Mutations in other starch synthases have also been identified (in peas, maize and the alga Chlamydomonas) that reduce the synthesis of amylopectin, increasing the amylose content of the starch produced. Mutations in starch synthase genes (or the suppression of these genes by antisense techniques) can also alter the branching pattern of amylopectin, altering the average length of the polymer chains. Genetic manipulation of starch synthases might, therefore, eventually provide a means of modifying the physical and chemical properties of starch in useful ways.

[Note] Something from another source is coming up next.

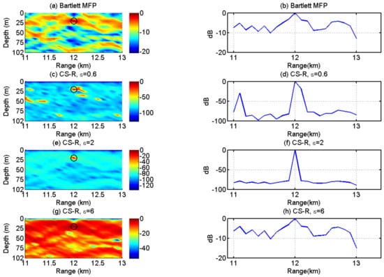 The results of Bartlett MFP and CS-R are shown in Figure 4, wherein CS-R can trade off between the -norm and -norm through the regularization parameter . The top row in Figure 4 shows that the Bartlett MFP has low resolution, and its side lobe level is rather high. As shown in Figure 4e,f, a good choice of is two; the ambiguity surface of CS-R has a sharp peak, and the peak corresponds to the source location. When is times 2, many peaks appear, shown in the Figure 4c,d; when is set at a higher value, 3 times 2 for example, CS-R degrades to the Bartlett MFP, and its side lobe level grows and main lobe broadens as shown in Figure 4g,h. Besides, the ambiguity surfaces of Bartlett and CS-R have the same multi-modal structure. The example illustrates two points. First, the choice of the parameter is very important; when the parameter is too large, CS-R degrades into Bartlett MFP, which is because the -norm of CS-R can be equivalent to Bartlett. In this case, an optimum value of the parameter is estimated to achieve a trade-off between high resolution and robustness.

Although the activity of different starch synthases and SBEs is clearly important in determining the balance between amylose and amylopectin synthesis, it may not be the only factor involved. Studies in rice show that the temperature at which a plant develops can also influence the proportions of amylose and amylopectin produced, by affecting the activity of different starch synthase enzymes. There is also evidence that altering the rate at which starch is produced can affect the amylose/amylopectin ratio; mutations in pea plants that reduce the total rate of starch synthesis also increase the proportion of amylopectin present. One possible explanation is that the rate of amylopectin synthesis is normally limited by the available concentration of the necessary SBE, so at lower rates of production a greater proportion of the starch can be converted into amylopectin. This raises the worrying possibility that attempts to improve yield in plants might result in starch with increased amylose content, which would be undesirable for many commercial purposes.

 

Phosphorylation

Before use in many industrial processes, starch must be chemically modified - for example, by phosphorylation - in order to alter its physical properties (such as viscosity and gel-forming ability), and to prevent it from crystallising. If such modification could be carried out by the plant that produced the starch, it would reduce the need for expensive and environmentally-damaging chemical treatments.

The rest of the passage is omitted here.